IRS Circular 230 Disclosure: To ensure compliance with requirements imposed by the IRS, we inform you that any U.S. tax advice contained in this communication is not intended or written to be used, and cannot be used, for the purpose of (i) avoiding penalties under the Internal Revenue Code or (ii) promoting, marketing or recommending to another party any transaction or matter addressed herein.

CONSULT YOUR TAX ADVISOR

The information contained herein provides a general summary regarding the application of certain U.S. Federal income tax laws and regulations relating to the distribution of the warrants. The information contained herein does not constitute tax advice and does not purport to be complete or to describe the consequences that may apply to particular categories of shareholders. LGL  Group does not provide tax advice to its shareholders. You are urged to consult your own tax advisor regarding the particular consequences of the distribution of the warrants to you, including the applicability and effect of all U.S. Federal, state and local and foreign tax laws.

  1. Are there any substantial tax implications related to the warrants?

    The LGL Warrants are being issued as a dividend proportionate to all outstanding shares of LGL Group common stock. As such, the warrant dividend would normally be a non-taxable distribution for U.S. taxpayers. The above information is presented here for information purposes only and is not intended to constitute tax advice for any individual stockholder or warrant holder or stockholder.
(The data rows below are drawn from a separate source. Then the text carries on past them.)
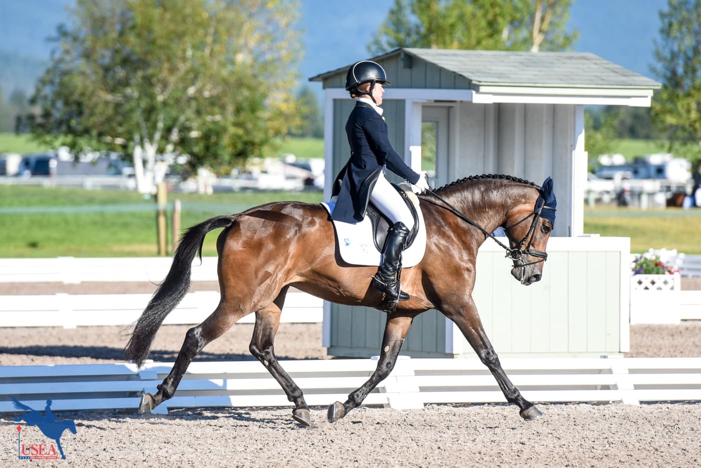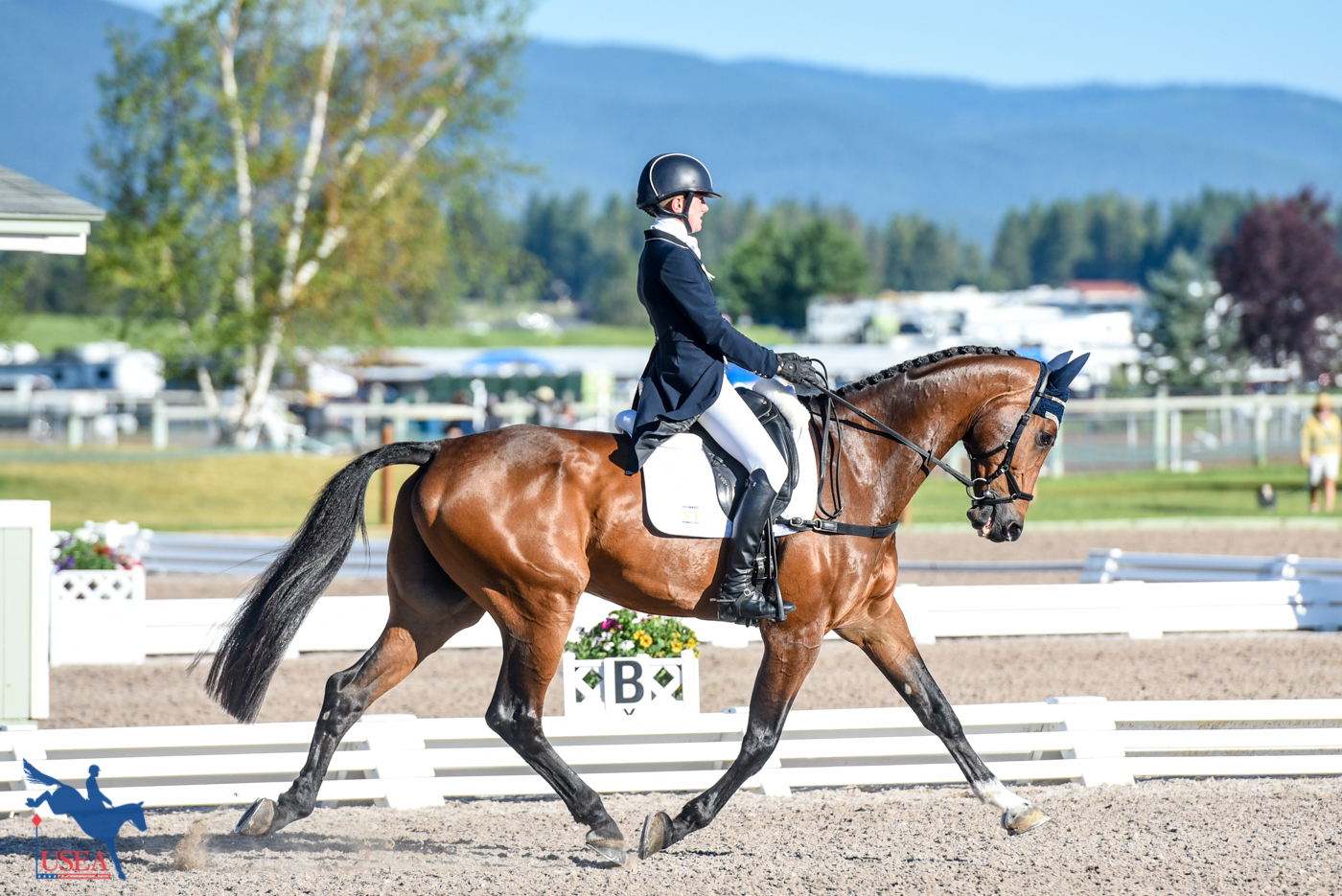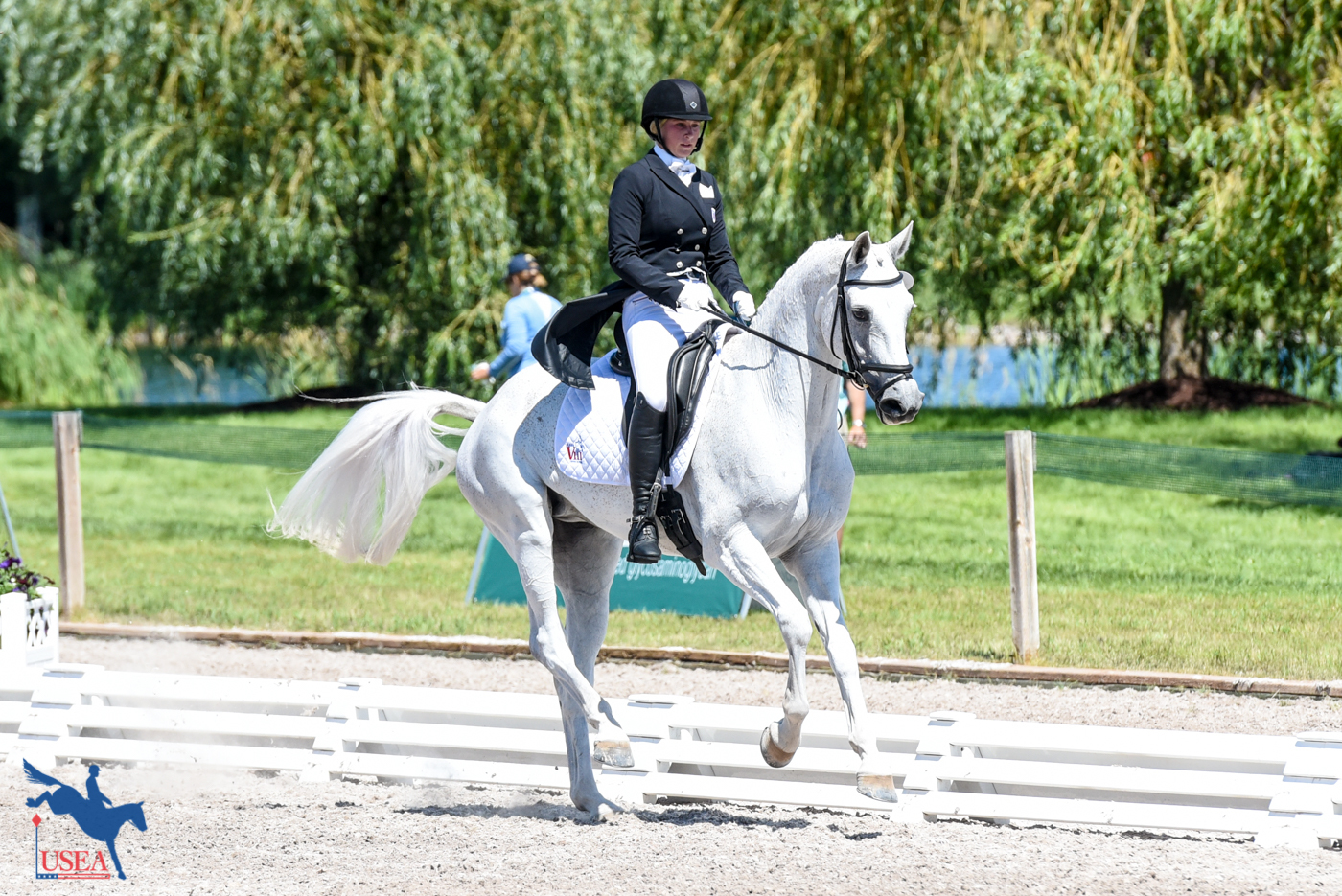Meg Pellegrini (Area VI) stole an early lead aboard her own 14-year-old Holsteiner gelding, RF Eloquence (Contender x D-Ginger), laying down an impressive 24.9 to hold the top standing for the majority of the day. “Ricky Bobby was super, super good today,” Pellegrini said of RF Eloquence. “He went in and really pulled off his best ability. We had a few bobbles here and there, but it was one of our best tests and he was calm and focused. It’s really nice to get on a horse who always knows what his job is.”
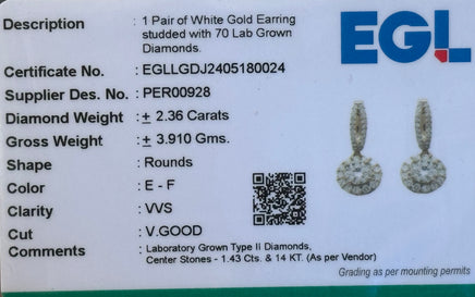 14K WHITE GOLD 2.36 CARAT CERTIFIED LAB GROWN DIAMONDS STUDS EARRINGS HOOPS
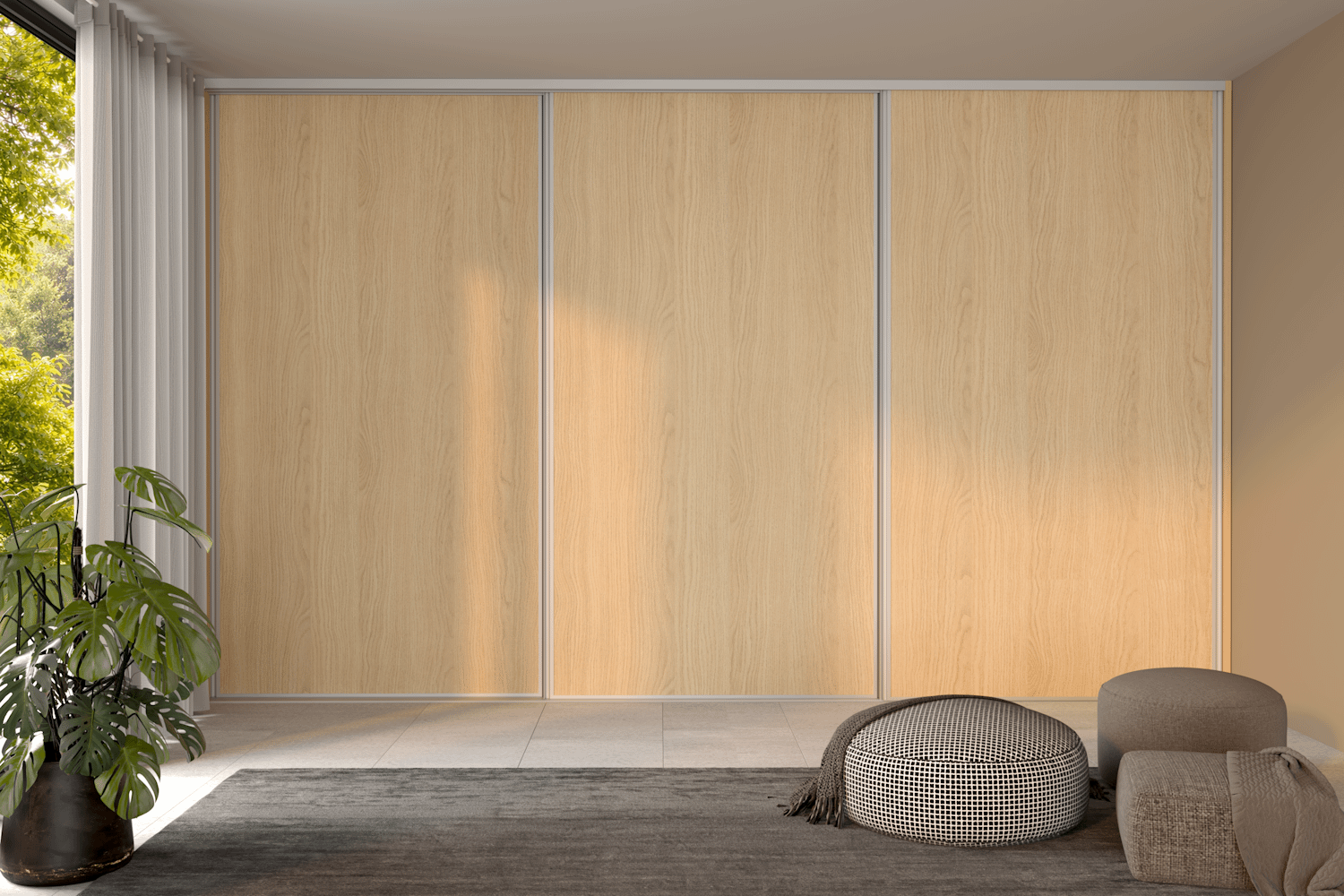 Den tredelte skydedør optimerer garderobepladsen og sikrer maksimal fleksibilitet, samtidig med at den er nem at betjene takket være den robuste konstruktion og det støjsvage hjulsystem. Modul One 3 låger er ideel til mellemstore garderober, hvor du ønsker en brugervenlig og elegant løsning uden unødvendige detaljer.
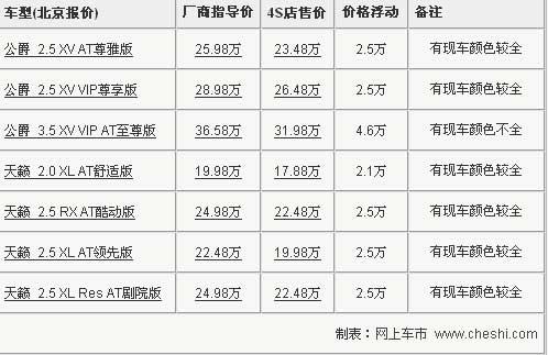 中級豪華車的標桿-------新天籟全系采用了CVT無級變速箱,連續的動力輸出雖然少了駕駛激情,但順暢的動力輸出帶來了平順的駕乘感受,日產系列發動機不錯的抑噪能力也是很有群眾口碑的,配合新天籟寬大舒適的座椅,無論是駕駛還是乘坐,都是一種愜意的享受,商用和家用兩者皆可。近日根據網上車市價格監測系統顯示,目前購買天籟最高可以享受到4.7萬元的價格優惠,最低售價僅為17.88萬,具體車型售價見下表:
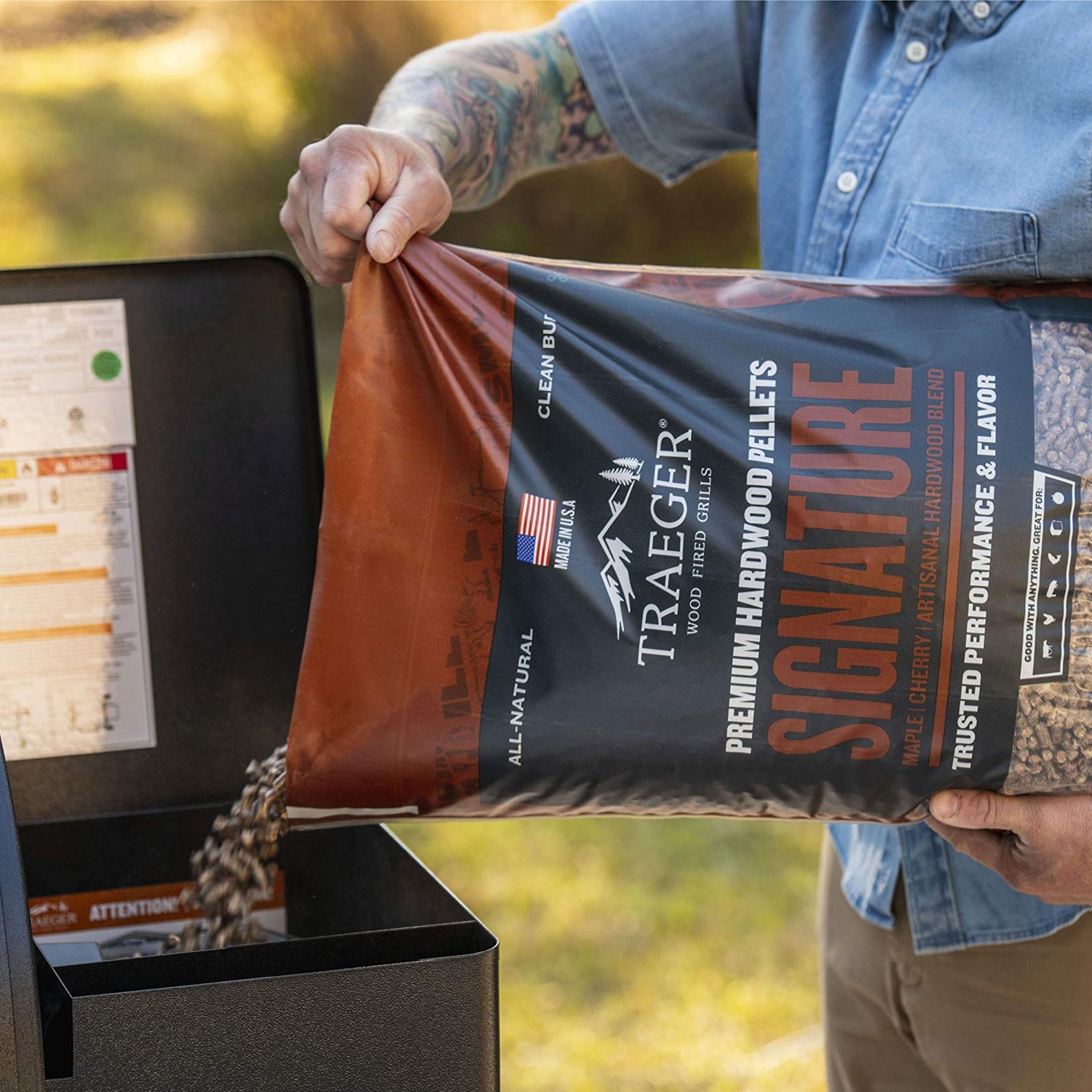 - SIGNATURE BLEND WOOD FIRED FLAVOR: The flavors of hickory, maple, and cherry hardwoods combine for in our Traeger Signature Blend Hardwood Pellets for flavor that can take on just about anything you cook; From classic BBQ meats, to fish and veggies, this versatile blend gives you full-bodied flavor you'll go back to time and time again
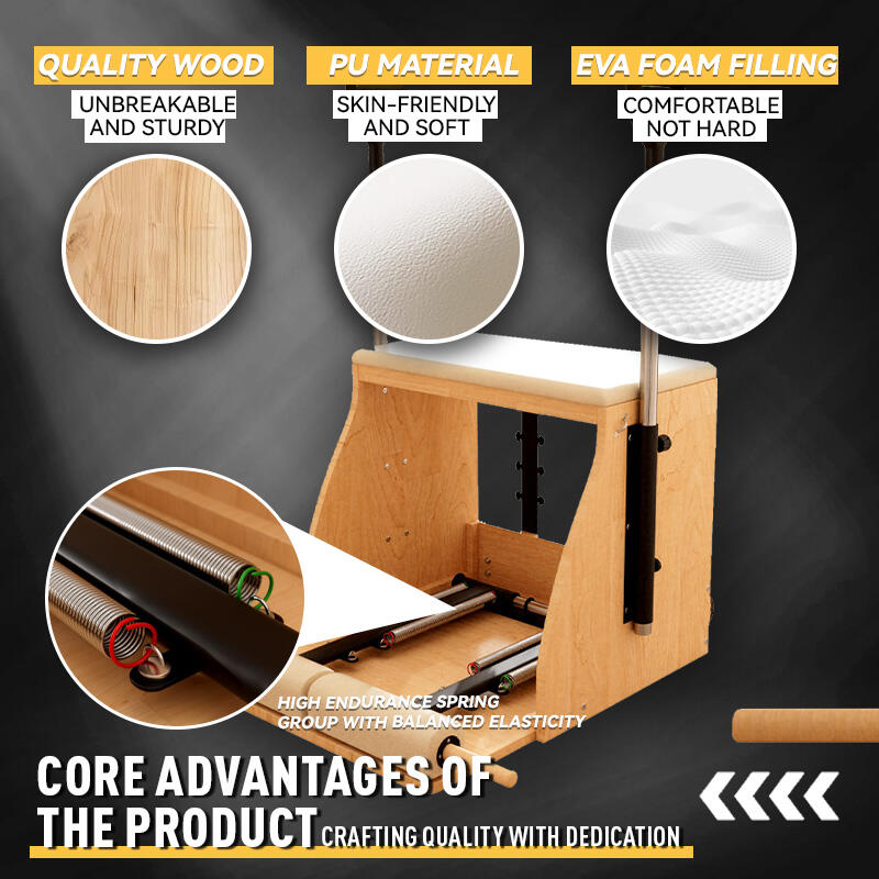 Want to enjoy a professional Pilates workout? The OKPRO Wooden Pilates Universal Chair is your ideal choice! Crafted from high-quality solid wood and a sturdy metal structure, it features an adjustable resistance system and multi-functional pedals, making every workout safer and more effective. Whether you're working on core strength, full-body muscle development, or improving flexibility and posture, it's easy to achieve, helping you scientifically shape your ideal body.
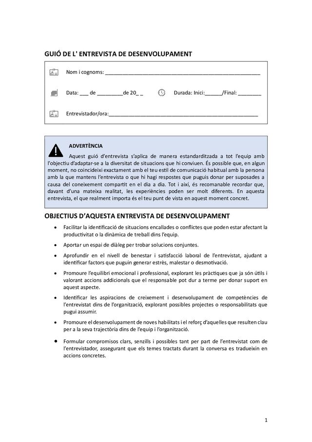 ______________________________________________________ Data: ___ de _________de 20_ _ Durada: Inici:______/Final: ________ Entrevistador/ora:____________________________________________________ ADVERTÈNCIA Aquest guió d’entrevista s’aplica de manera estandarditzada a tot l’equip amb l’objectiu d’adaptar-se a la diversitat de situacions que hi conviuen. És possible que, en algun moment, no coincideixi exactament amb el teu estil de comunicació habitual amb la persona amb la que mantens l’entrevista o que hi hagi respostes que puguis donar per suposades a causa del coneixement compartit en el dia a dia. Tot i així, és recomanable recordar que, davant d’una mateixa realitat, les experiències poden ser molt diferents. En aquesta entrevista, el que realment importa és el teu punt de vista en aquest moment concret. OBJECTIUS D’AQUESTA ENTREVISTA DE DESENVOLUPAMENT • Facilitar la identificació de situacions encallades o conflictes que poden estar afectant la productivitat o la dinàmica de treball dins l’equip. • Aportar un espai de diàleg per trobar solucions conjuntes. • Aprofundir en el nivell de benestar i satisfacció laboral de l’entrevistat, ajudant a identificar factors que puguin generar estrès, malestar o desmotivació. • Promoure l’equilibri emocional i professional, explorant les pràctiques que ja són útils i valorant accions addicionals que el responsable pot dur a terme per donar suport en aquest aspecte. • Identificar les aspiracions de creixement i desenvolupament de competències de l’entrevistat dins de l’organització, explorant possibles projectes o responsabilitats que pugui assumir. • Promoure el desenvolupament de noves habilitats i el reforç d’aquelles que resulten clau per a la seva trajectòria dins de l’equip i l’organització. • Formular compromisos clars, senzills i possibles tant per part de l’entrevistat com de l’entrevistador, assegurant que els temes tractats durant la conversa es tradueixin en accions concretes.
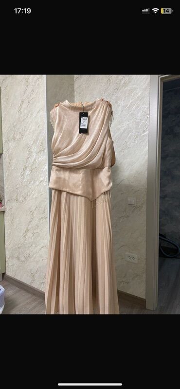 - Material: ipək-effektli hamar parça + axıcı, nazik pliseli şifon ətək
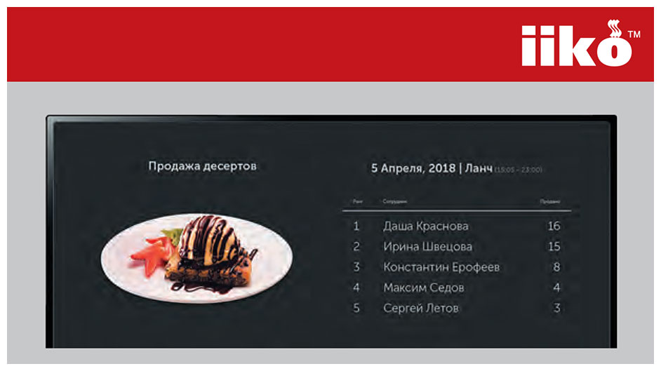 А чтобы стимулировать продажи конкретных блюд, организуйте среди со – трудников соревнование с бонусом для победителя. Настенный экран iikoUpsellDashboard в реальном времени показывает количество чеков с продвигаемым товаром и текущий рейтинг по каждому сотруднику.
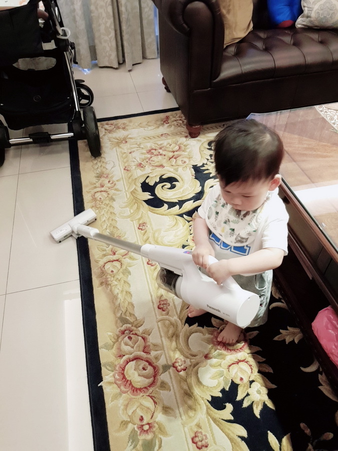 ▼ 實在是極輕巧,連一歲多的小孩子,都好奇的提起來走動。(當然是還不會打掃)
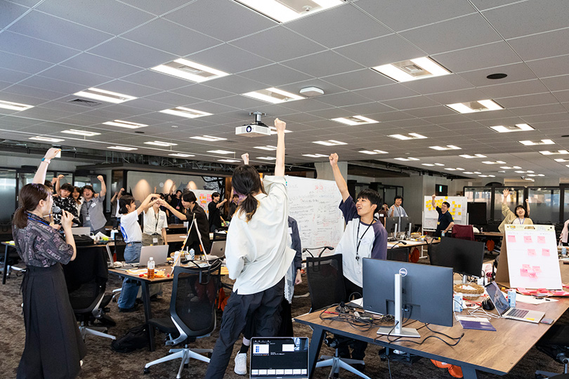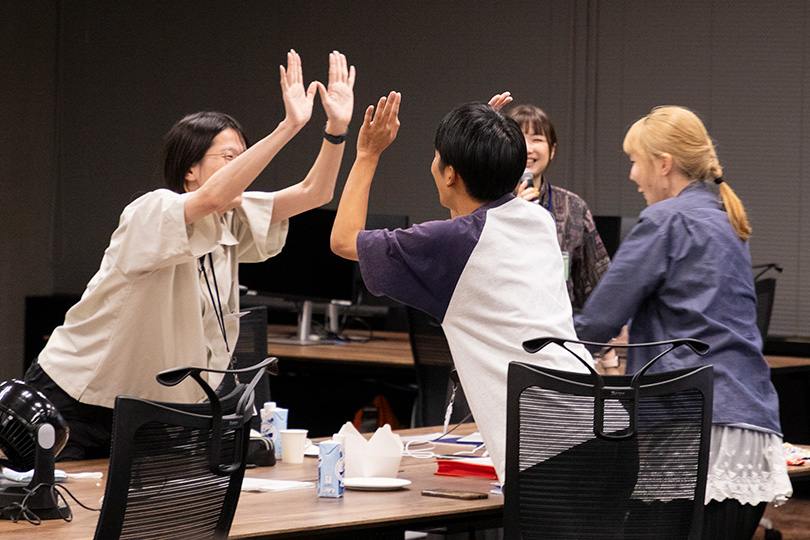 いよいよ優勝チーム発表。すべてのチームが固唾を飲んで結果を待つなか、審査員の柿沼さんが発表しました。選ばれたチームの皆さんは笑顔でハイタッチ!
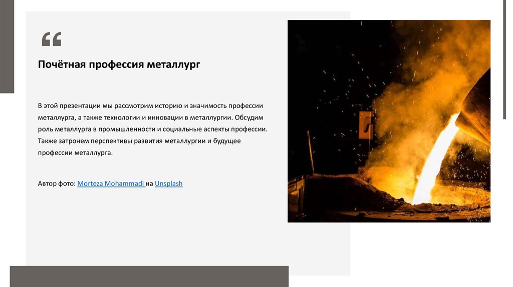 Почётная профессия металлургВ этой презентации мы рассмотрим историю и значимость профессии
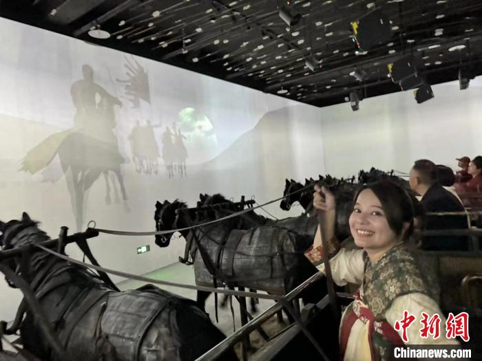 在武威汉唐天马城体验馆内,两岸媒体人沉浸式体验古人的生活日常;借助现代技术,搭乘战马征战沙场,与古人零距离互动;跟随导览人员,学习汉唐礼仪,体验中国古代礼仪文化……这让阿雅“玩嗨了”。“太刺激、太激动了!”她说,体验“征战”的互动场景让她身临其境,最后随“战士们”胜利归来,内心充满感动。

Holders should consult their own tax advisors regarding the United States federal and other tax consequences of the distribution of the warrants.

  2. Is this a qualified dividend?

    No. This warrant dividend is a distribution of stock rights to holders of LGL Group common stock and does not qualify as a qualified dividend.

  3. Will I need to allocate any portion of the tax basis in my LGL Group common stock to the warrants I receive?

    The general rules for allocating tax basis between common stock and rights (such as these warrants) received as a distribution require U.S. taxpayers to allocate the tax basis of their stock between the stock and the rights received. However, there is an exception to this general rule when the fair market value of the rights received is less than 15% of the value of the stock immediately prior to the distribution. Once the fair market value of the warrants at issuance is known, we will update this section to let recipients know whether or not the fair market value of the warrants is less than 15% of the value of the common stock.

  4. How is the fair market value of the warrants determined?

    The fair market value of the warrants is based upon the trading value of the warrants as separate from the common stock on the first day of trading.

  5. What adjustment is needed to the tax basis per share of my LGL Group common stock?

    Once the fair market value of the warrants at issuance is known, we will update this section to let recipients know if the general rules for U.S. taxpayers indicate that an allocation of tax basis is required.

  6. What is my tax basis for the warrants I received or obtained through buying the common stock with due bills attached?

    Generally, if you purchased your LGL Group common stock after the record date with a due bill attached, your tax basis in the warrants is the fair market value of the warrants at the time that you purchased the common stock.

THIS IS FAQ IS A GENERAL GUIDELINE AND SHOULD NOT BE DEEMED AS A DOCUMENT FROM WHICH TO MAKE INVESTMENT DECISIONS.